_WHAT THIS TASK INVOLVES_. Each line below from the "2024春下册五年级英语冀教版 Unit 1 过关检测卷" line through the "もともとの作法である「丸かぶ" line, those two included, must be restated word for word; the pictures must not be.

_PROVIDED DATA_.
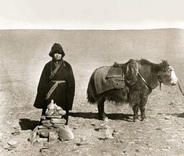 There is a story well known in the Tibetan religious world that illustrates a successful result of this practice. A young man begs the spiritual guidance of a mystic anchorite. The latter wishes him to begin by exercising himself in the concentration of mind. “What kind of work do you usually do?” he inquires of his new disciple. “I keep the yaks on the hills,” answered the man. (p. 167) All right,” says the gomchen. “Meditate on a yak.” The novice repairs to a cave roughly fitted up to serve as a habitation—a few such shelters can always be found in the regions inhabited by herdsmen—and settles down there. After some time, the master goes to the place and calls to his pupil to come out of the cave. The latter hears the gomchen’s voice, gets up and trys to walk out through the entrance of his primitive dwelling, but his meditation has achieved its purpose. The young man answers his guru: “I cannot get out, my horns prevent me.”
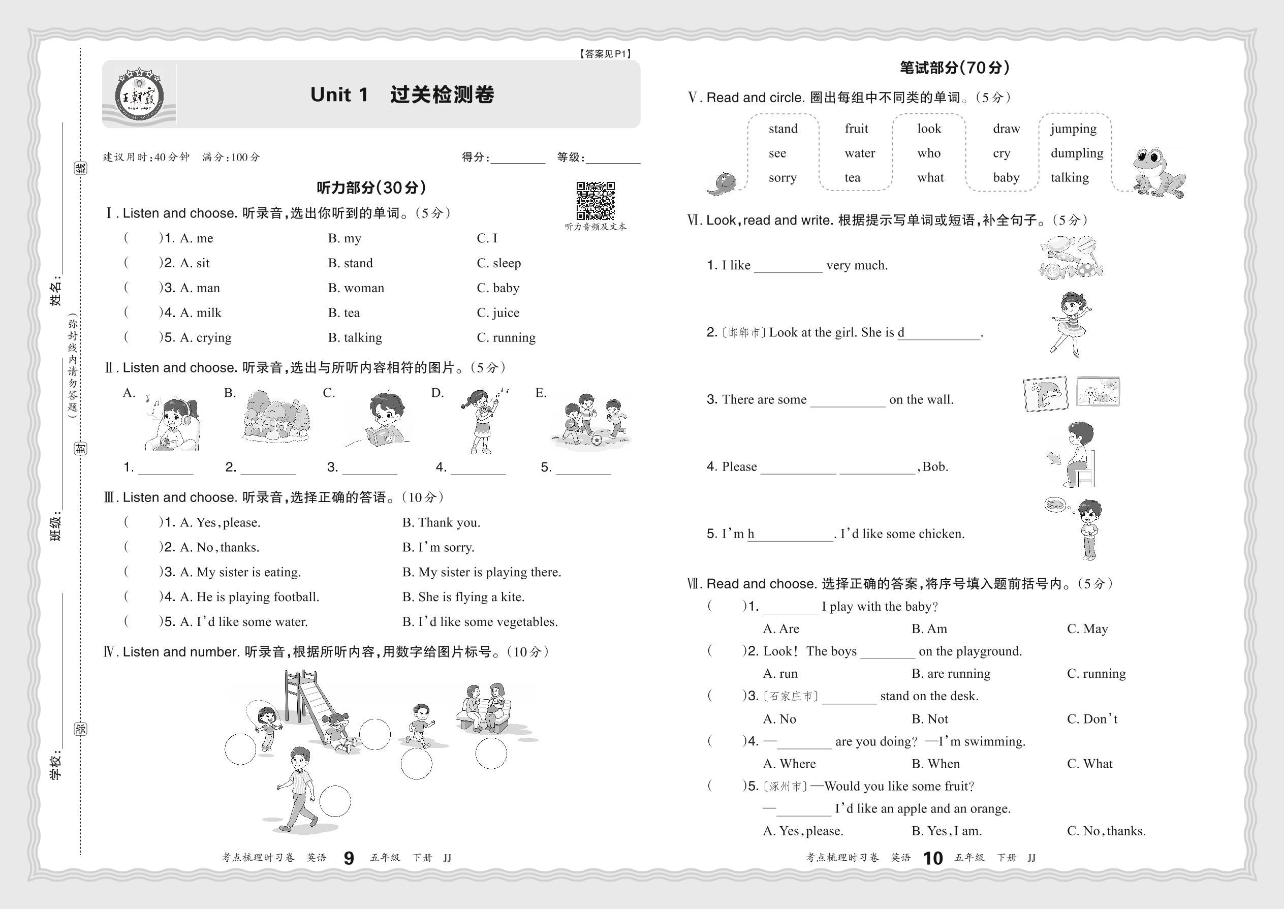 2024春下册五年级英语冀教版 Unit 1 过关检测卷
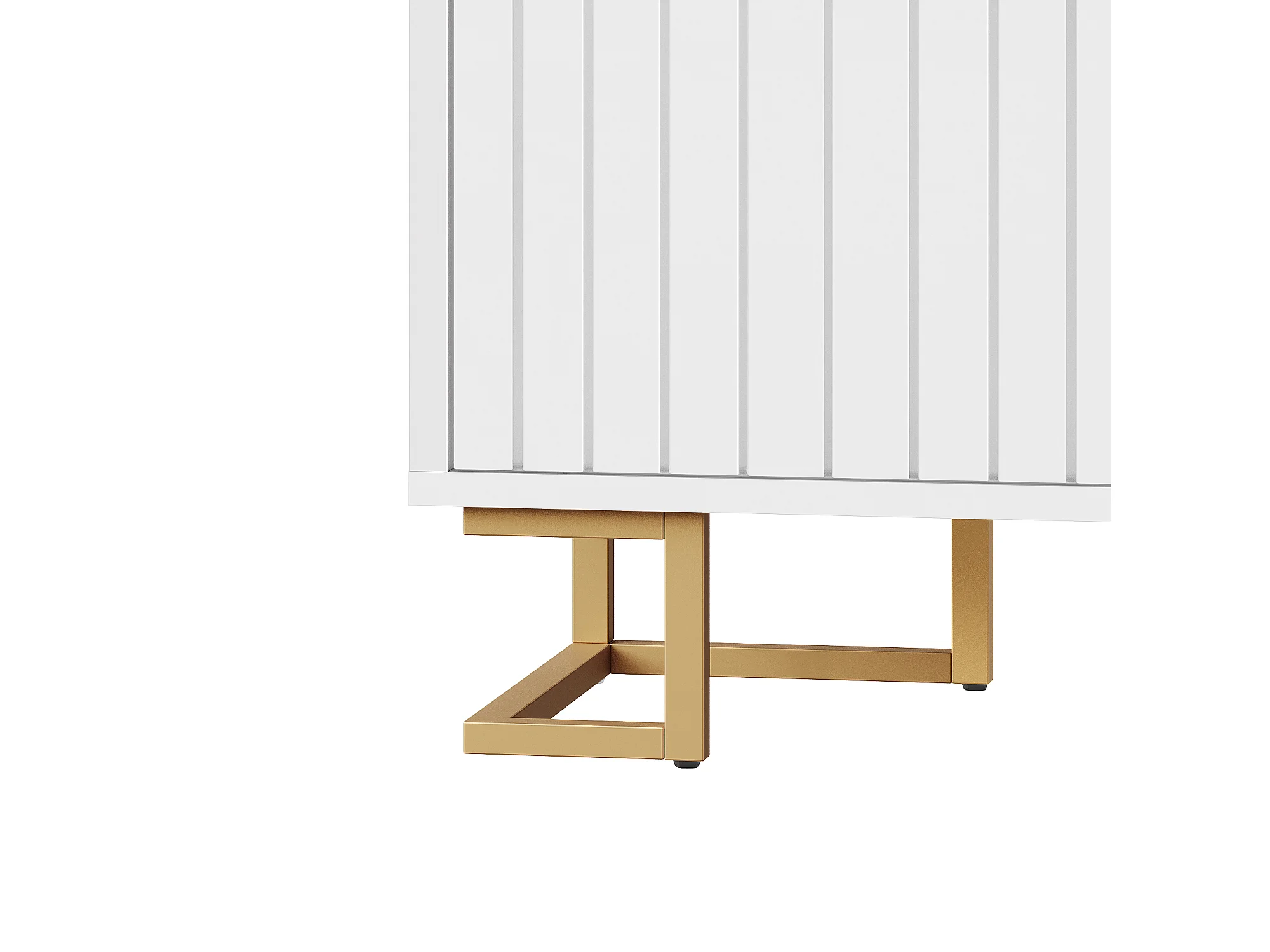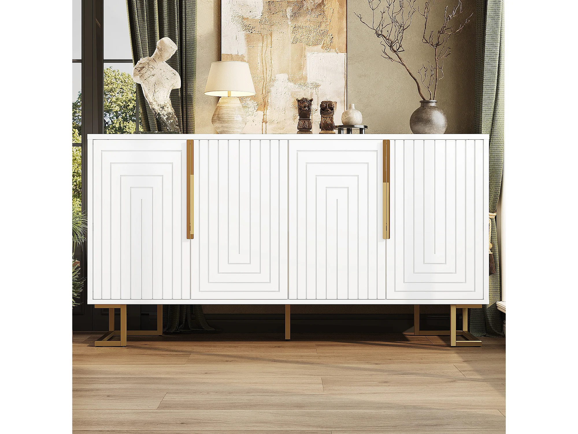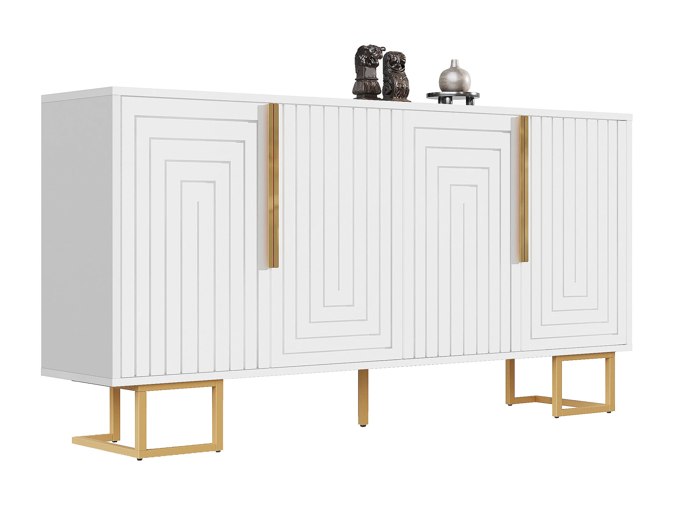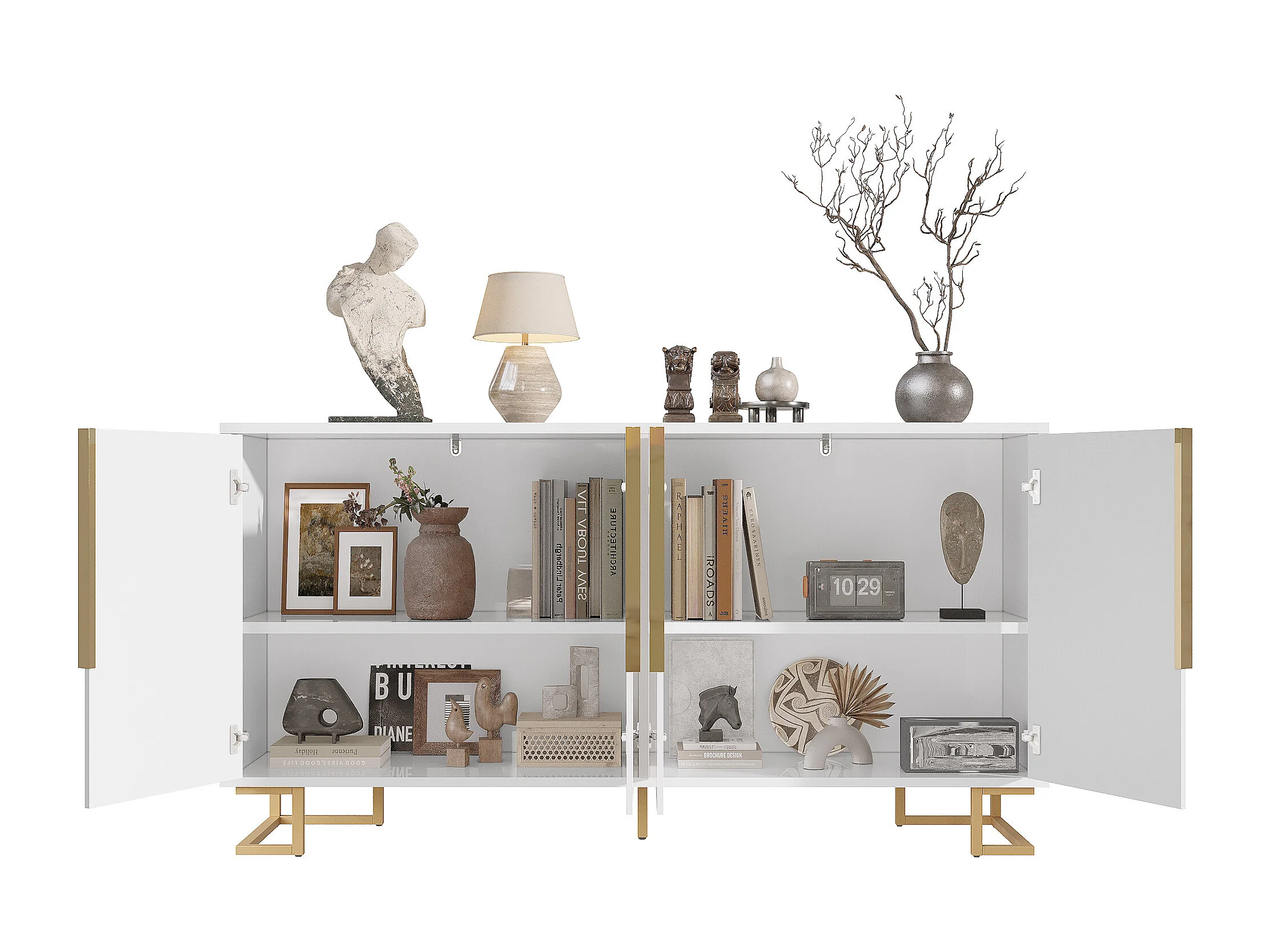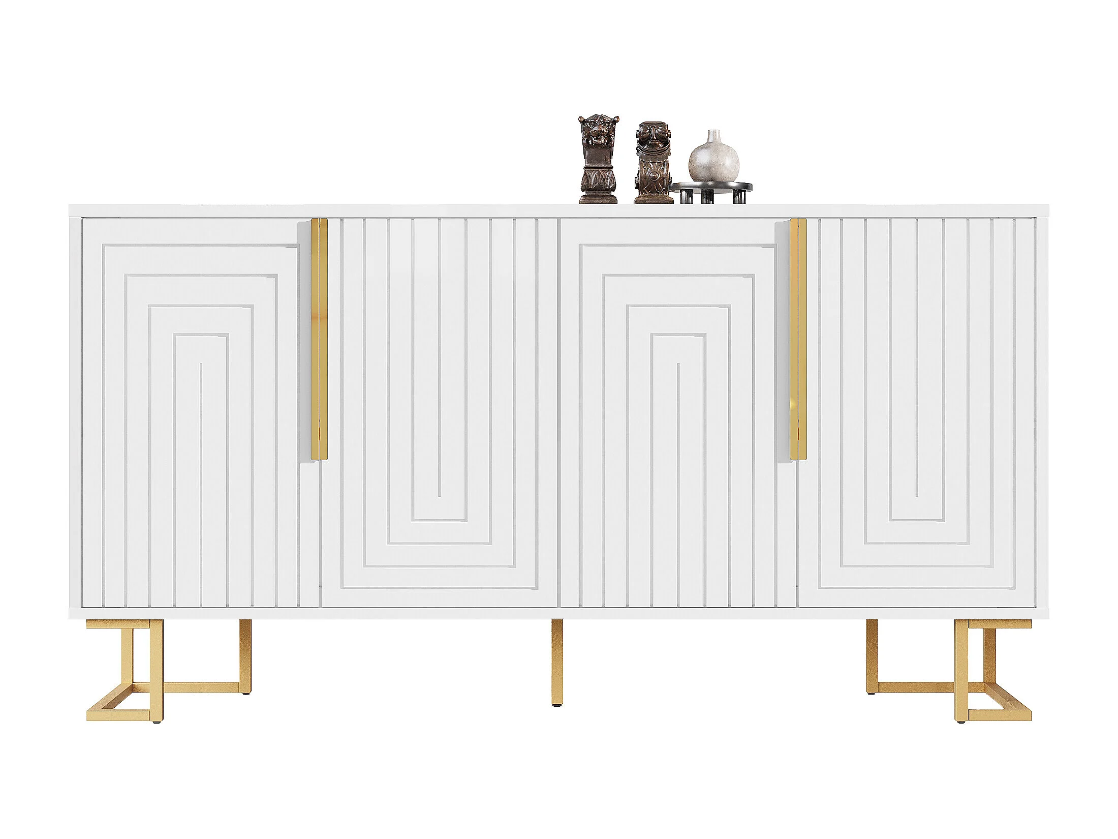 Buffet 4 portes - Buffet avec poignées et pieds dorés - blanc - pour salle à manger
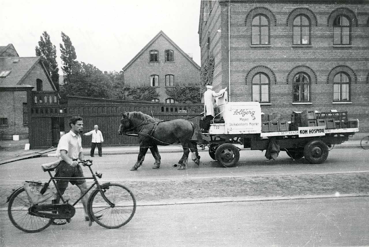 Maskingenkendt tekst fra fotokuvert: "Solbjerg" kører Carlsberg øl til Kommunehospitalet
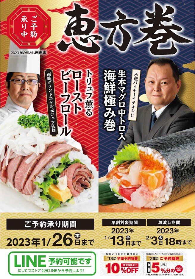 もともとの作法である「丸かぶり」をすることができないじゃないかと思えるような豪華で大きな寿司が増えていく企業もあれば、かたくなに丸かぶりのサイズ感を意識して毎年、ちょっとした進化を付け加えて取り組む企業もある。
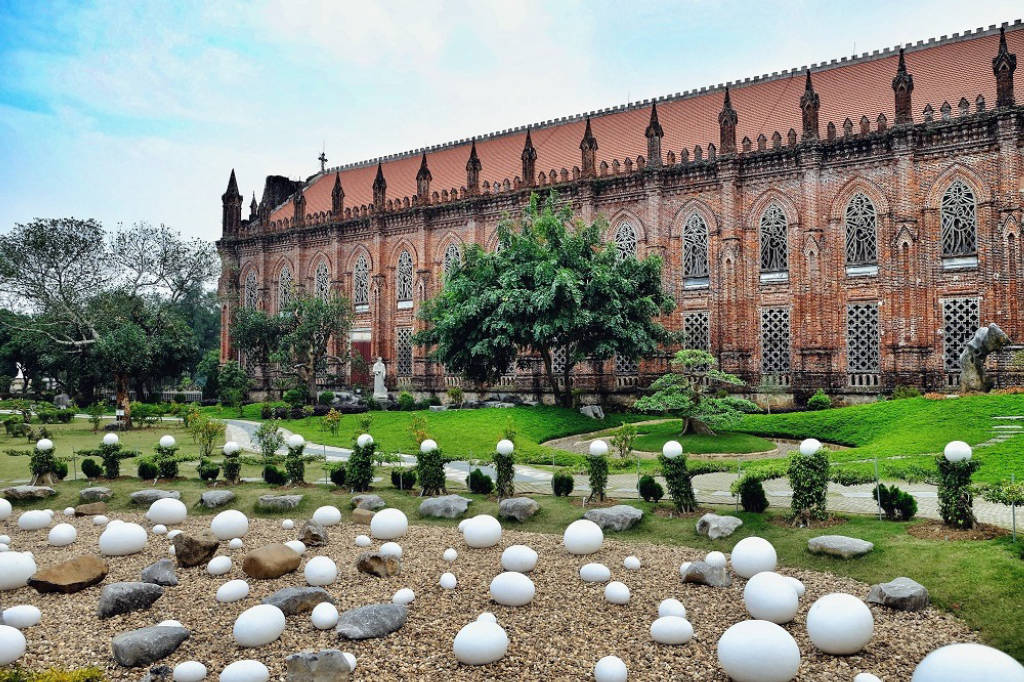 After visiting the cathedral, you can take some time to walk or take advantage of one-of-a-kind virtual live photos in the monastery's campus area. This place has a fresh atmosphere with green pieces of trees, grass, lake with rock formations, giving you a peaceful feeling when immersing in nature, suddenly hearing the piano sound again. chant or hymn resounded from within the cathedral. You will be lost in a fairy garden where there is a legendary fairy castle and a shady garden. In addition, you should not miss some excellent check-in places here such as at the artificial egg stone beach, laterite well or the rock cave behind the Monastery.

_YOUR SOLUTION_.
 2024春下册五年级英语冀教版 Unit 1 过关检测卷
 Buffet 4 portes - Buffet avec poignées et pieds dorés - blanc - pour salle à manger
 Maskingenkendt tekst fra fotokuvert: "Solbjerg" kører Carlsberg øl til Kommunehospitalet
 もともとの作法である「丸かぶり」をすることができないじゃないかと思えるような豪華で大きな寿司が増えていく企業もあれば、かたくなに丸かぶりのサイズ感を意識して毎年、ちょっとした進化を付け加えて取り組む企業もある。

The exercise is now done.